In his book One Crowded Hour, Tim Bowden writes about a small war in Borneo in 1964. The nations of Indonesia and Malaysia got into a shouting match that turned into a shooting match. Because of treaty relations, a group of Gurkhas from Nepal were sent to aid the Malaysians. Not long after they arrived, they were asked if they would be willing to jump into combat in a surprise attack. Because they were not trained as paratroopers they had the right to refuse.
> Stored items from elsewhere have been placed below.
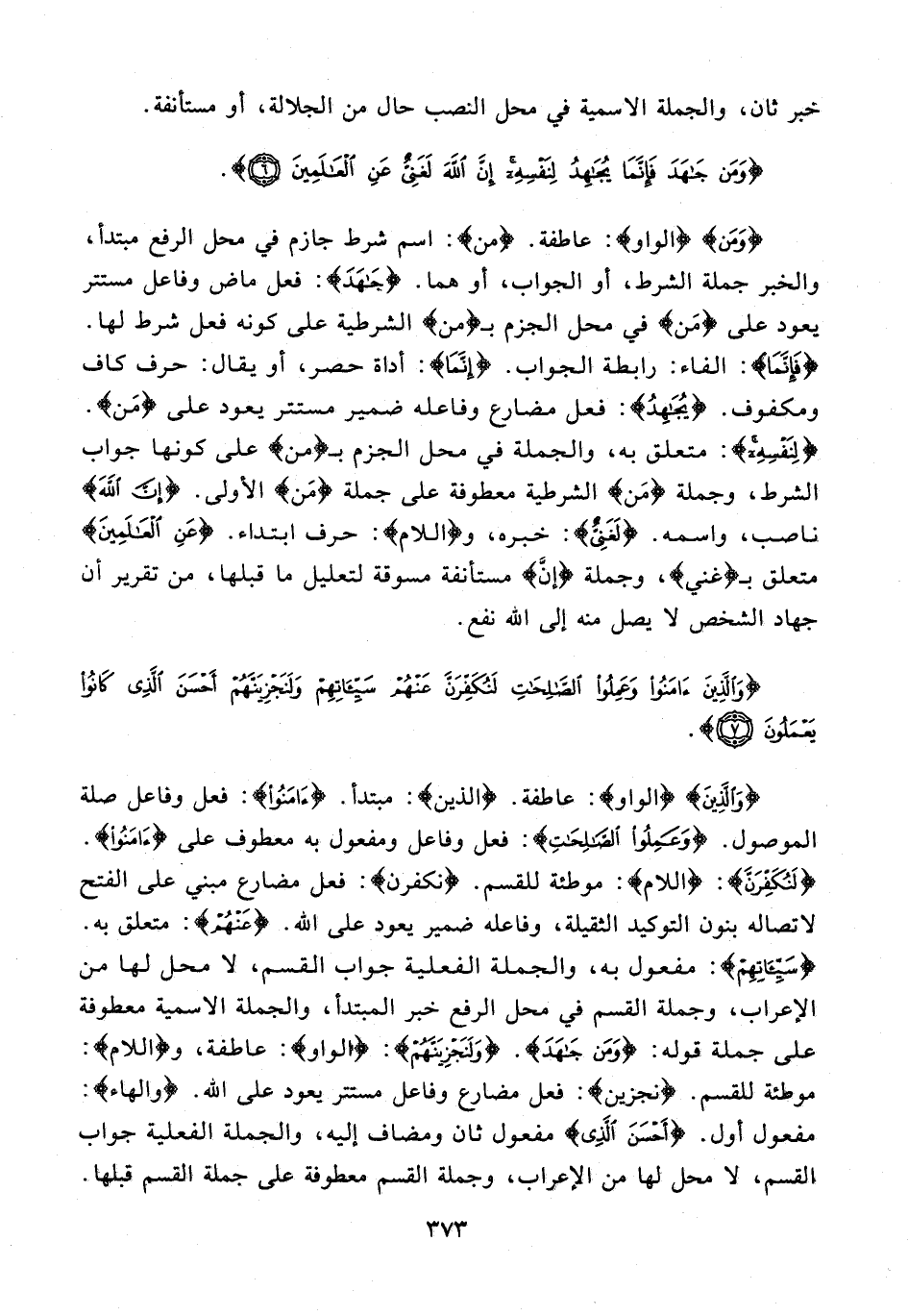 {وَمَنْ} {الواو} عاطفة. {مَنْ}: اسم شرط جازم في محل الرفع مبتدأ، والخبر جملة الشرط، أو الجواب، أو هما. {جَاهَدَ}: فعل ماض وفاعل مستتر يعود على {مَنْ} في محل الجزم بـ {من} الشرطية على كونه فعل شرط لها. {فَإِنَّمَا}: الفاء: رابطة الجواب. {إِنَّمَا}: أداة حصر، أو يقال: حرف كاف ومكفوف. {يُجَاهِدُ}: فعل مضارع وفاعله ضمير مستتر يعود على {مَنْ}. {لِنَفْسِهِ}: متعلق به، والجملة في محل الجزم بـ {من} على كونها جواب الشرط، وجملة {مَنْ} الشرطية معطوفة على جملة {مَنْ} الأولى. {إِنَّ اللَّهَ} ناصب، واسمه. {لَغَنِيٌّ}: خبره، و {اللام}: حرف ابتداء. {عَنِ الْعَالَمِينَ} متعلق بـ {غَنِيٌّ}، وجملة {إنَّ} مستأنفة مسوقة لتعليل ما قبلها، من تقرير أن جهاد الشخص لا يصل منه إلى الله نفع.
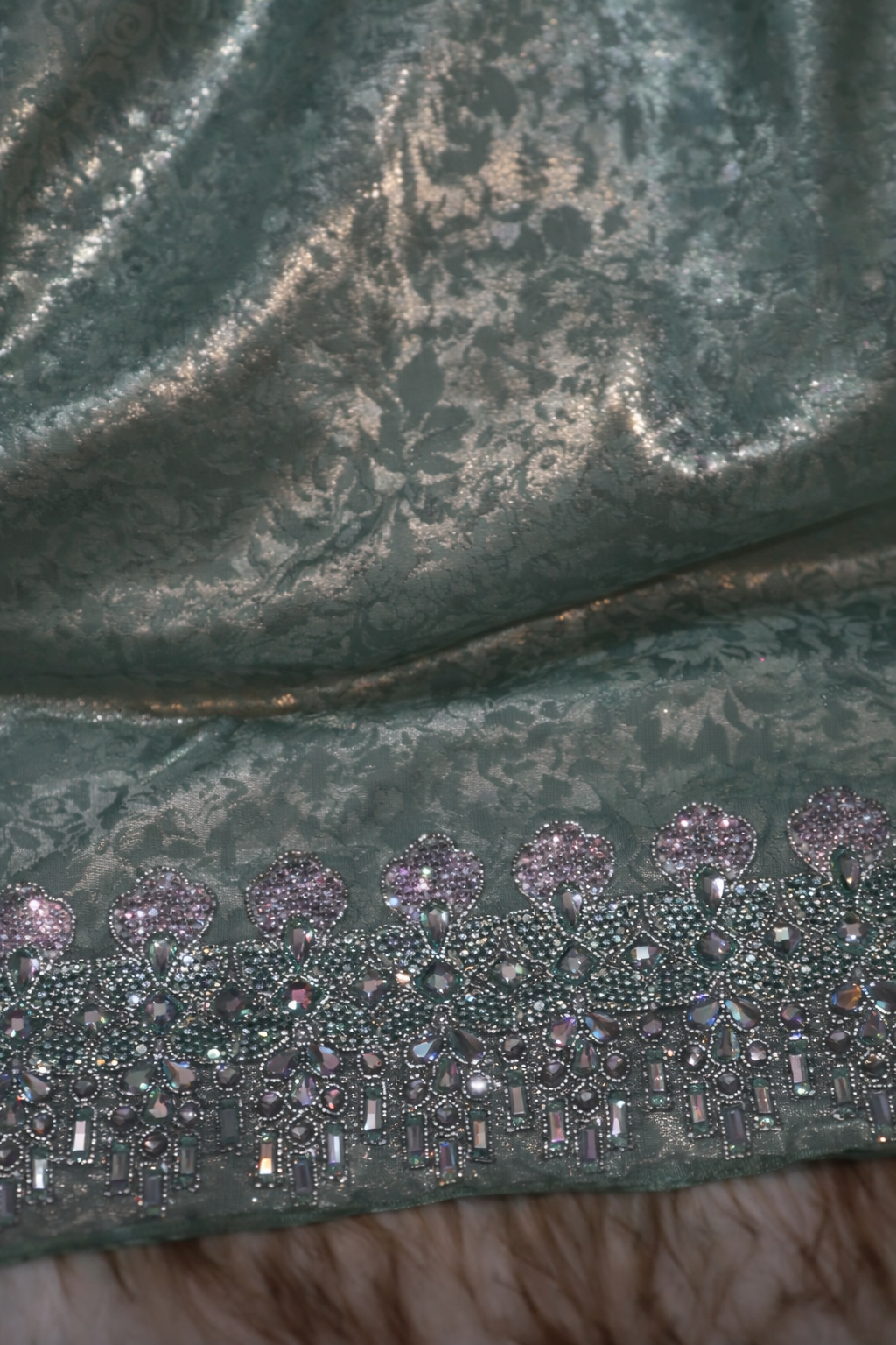 مخور فاخر حرير جاكرد طايح بتطريز وكريستال وفصوص سته
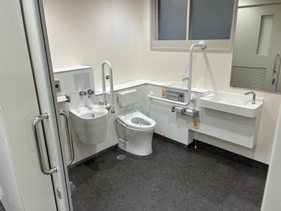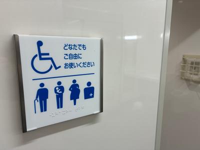 ☝多目的トイレは入って正面にあり、広くて使いやすい!
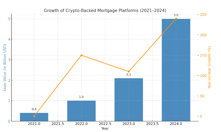Crypto mortgage platforms made headlines in 2024 by originating over $5 billion in loans globally a staggering 240% increase from the previous year. This explosive growth signals more than just a passing trend; it reflects a major shift in how homeowners and investors are thinking about real estate financing in the digital age.
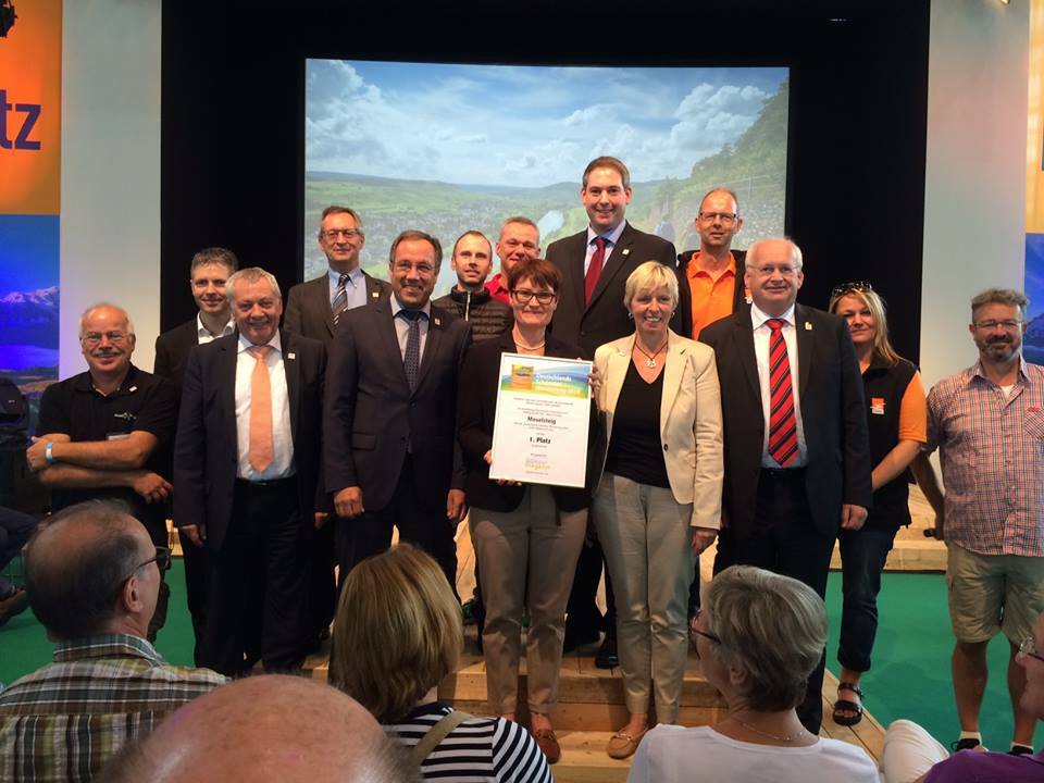 Sichtlich erfreut nahmen Landrat Gregor Eibes, Aufsichtsratsvorsitzender der Mosellandtouristik, Geschäftsführerin Sabine Winkhaus-Robert und ihr stellvertretender Geschäftsführer Thomas Kalff die Siegerurkunde "Deutschlands Schönster Wanderweg 2016" für den Moselsteig von Wandermagazin-Autor Manuel Andrack entgegen. Damit erlangt der Moselsteig zwei Jahre nach seiner Eröffnung und den Zertifizierungen als "Qualitätsweg Wanderbares Deutschland" und "Leading Quality Trail – Best of Europe" erneut eine begehrte Auszeichnung. Seit April 2014 begleitet der Moselsteig auf 365 Kilometern Wegstrecke die Mosel von Perl an der deutsch-französisch-luxemburgischen Grenze bis zur Mündung in Koblenz und verbindet auf 24 Etappen landschaftliche und kulturelle Höhepunkte des weltberühmten Weinkulturlandes miteinander. Unmittelbar am Steig gelegen oder über kurze Zuwege erreichbar sind viele Sehenswürdigkeiten und Moselorte angebunden, so dass Wanderer innerhalb kürzester Distanz Einkehrmöglichkeiten und Übernachtungsquartiere vorfinden. "Wir danken allen, die für uns abgestimmt haben", sagte Landrat Eibes. Die Auszeichnung "Deutschlands schönster Wanderweg" sei ein großes Lob vom Publikum an alle Beteiligten, die zum Erfolg des Moselsteigs beigetragen haben, wie Kommunen, Moselsteig-Wanderpaten und wanderfreundliche Unterkünfte und Gastronomiebetriebe am Moselsteig. Von Anfang Januar bis Ende Juni 2016 konnten Wanderbegeisterte ihre Stimme für eine von zehn nominierten Tagestouren und einen von fünf nominierten Weitwanderwegen abgeben, die ihnen am besten gefielen. Im Rahmen der Feierstunde auf der Wander- und Trekkingmesse TourNatur in Düsseldorf erhielten die jeweils drei Erstplatzierten Wege Ihre Urkunden überreicht. In der Kategorie Tagestouren sicherte sich der Wasserfallsteig in Bad Urach mit fast 31 Prozent der Stimmen den ersten Platz. Über Platz zwei freute sich der Wanderweg Galgenvenn im Naturpark Schwalm-Nette am Niederrhein, über den dritten Platz die Traumschleife Rheingold in Boppard. Bei den Weitwanderwegen schaffte es der Werra-Burgen-Steig (Hessen) auf Platz zwei, der Rennsteig (Thüringen) auf Platz drei. Foto: Mosellandtouristik www.moselsteig.de
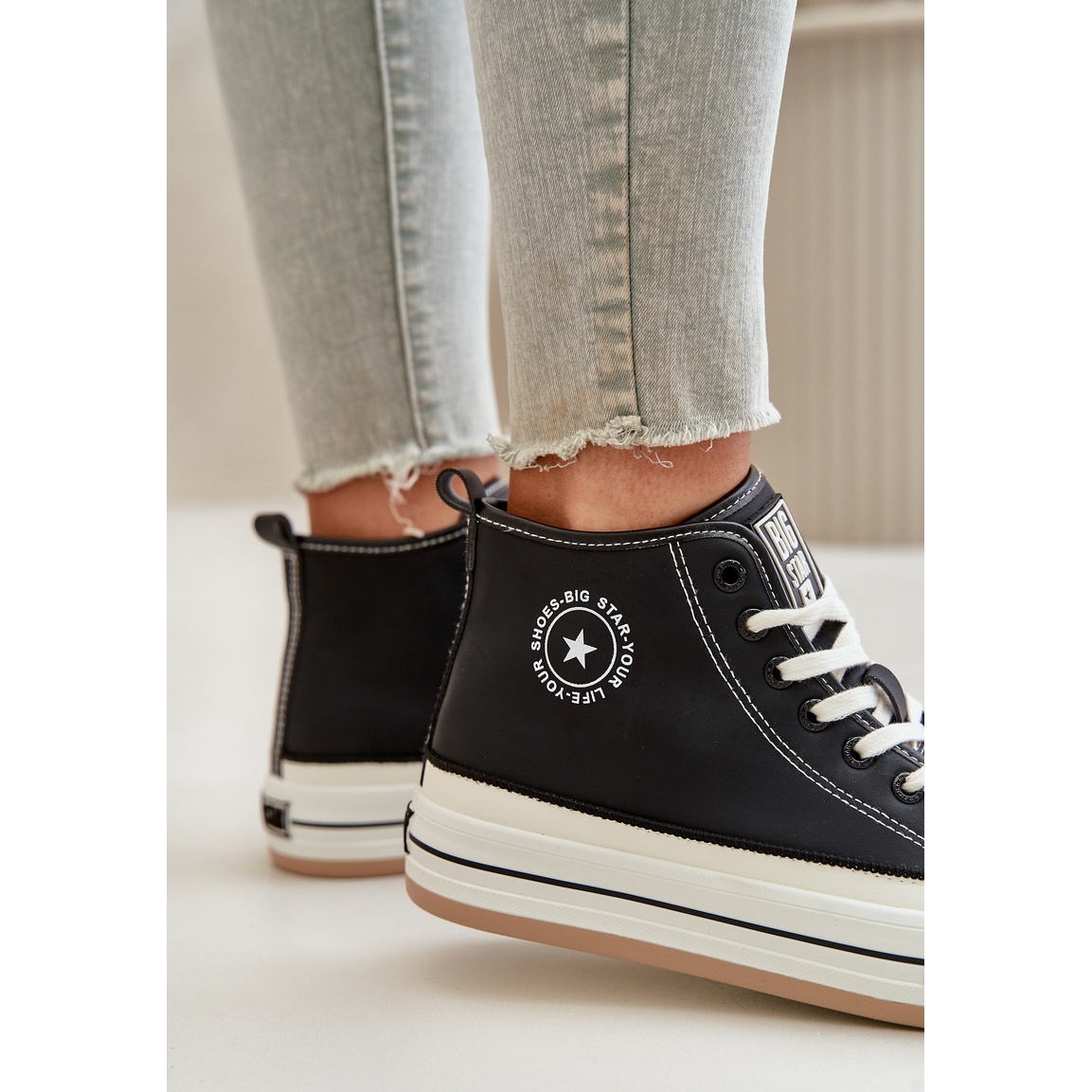 Izolované ženské tenisky na platformě EKO Big Star OO274062 EKO Platform In Black je perfektním řešením pro ženy, které hledají styl a pohodlí současně. Tyto módní tenisky, vyrobené z vysoce kvalitní ekologické kůže, kombinují funkčnost s elegantním vzhledem.
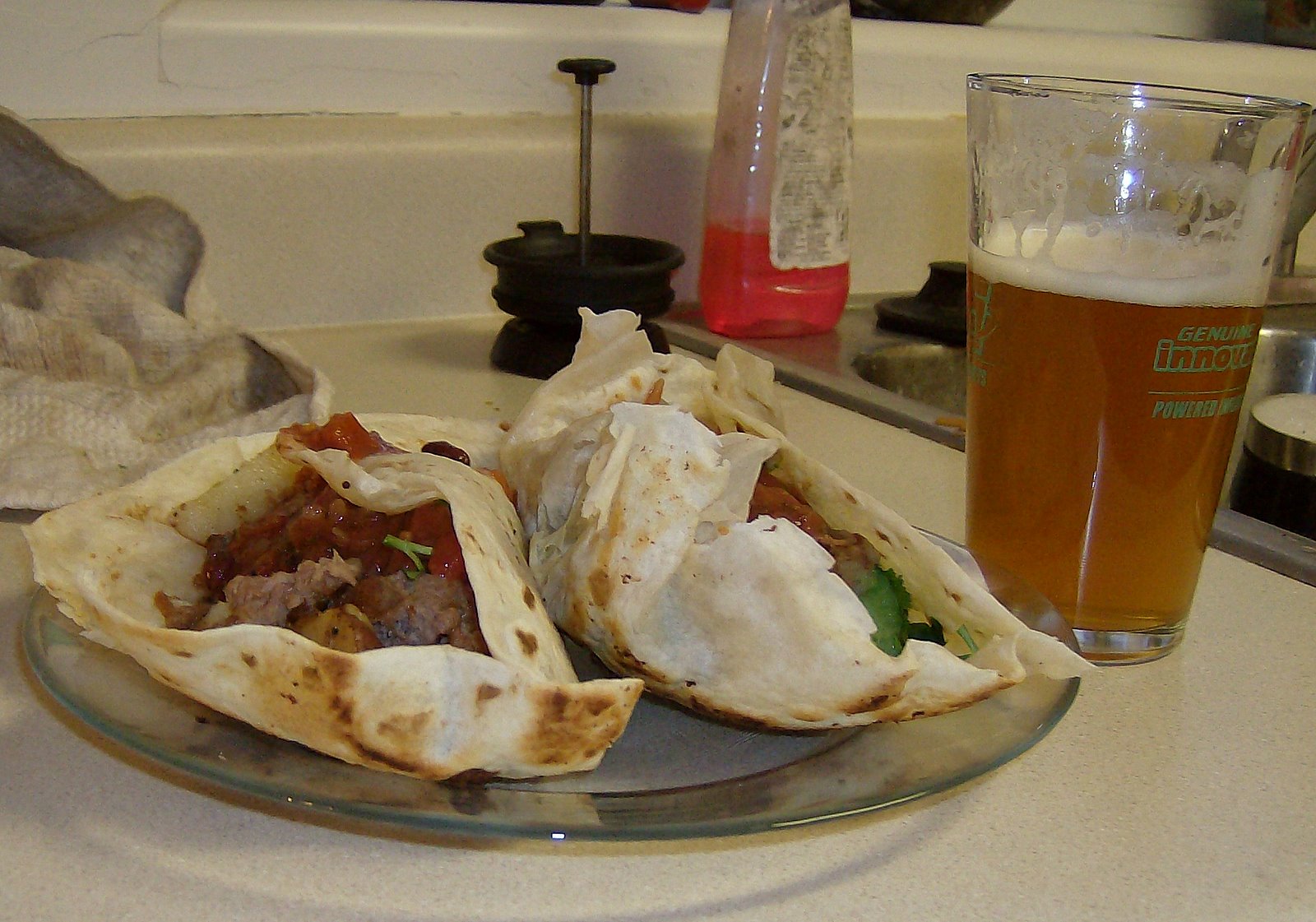 Taco: turkey italian sausage, potato, refried beans, salsa, avo, lotsa fresh cilantro, bit o’ mozz.
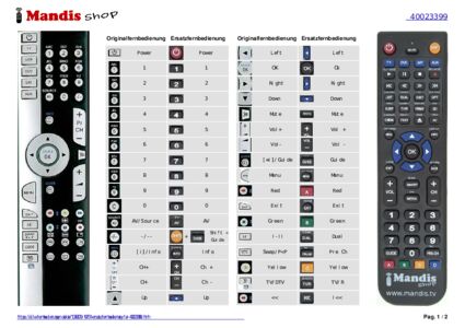 Ein Dokument ist enthalten, um die Verwendung der neuen Fernbedienung zu erleichtern, indem es die Tastenbelegung zeigt.

The Gurkhas usually agreed to do anything they were asked, but this time they said no. The next day, one of their leaders came to the high command and reported that they had met and reconsidered and would make the jump but only under certain conditions. First, the land had to be soft and marshy. The officer replied that the jump was to be in the jungle, so that would not be a problem. Second, the planes would have to fly as slow as possible and not over a hundred feet above the ground. The officer replied that the planes always flew very low, but the hundred feet would be a problem. At that height, the parachutes would not have time to open. When the officer said that, the Gurkha leader smiled and said, “Parachutes? You never said anything about parachutes. Of course, we’ll do it.”
(Borrowed from an article by Delmer Chilton in The Living Lutheran, Aug 2017)
A presupposition is something assumed or taken for granted without empirical verification. Dangerous. Very dangerous simply because the actual fact(s) could be diametrically contrary to what one supposes. To wit, the Gurkha example above. Or thinking someone hates you when not a cell in their body feels that way. Or attempting to cross a rickety, old bridge thinking, that’ll easily hold up my Hummer.
On the old TV show Dragnet, police detective Jack Webb would interview witnesses with the words: Just the facts, mam; just the facts. It’s always good to check, and double-check, what the facts really are. It could save a lot of time, trouble, misunderstanding . . . or even lives.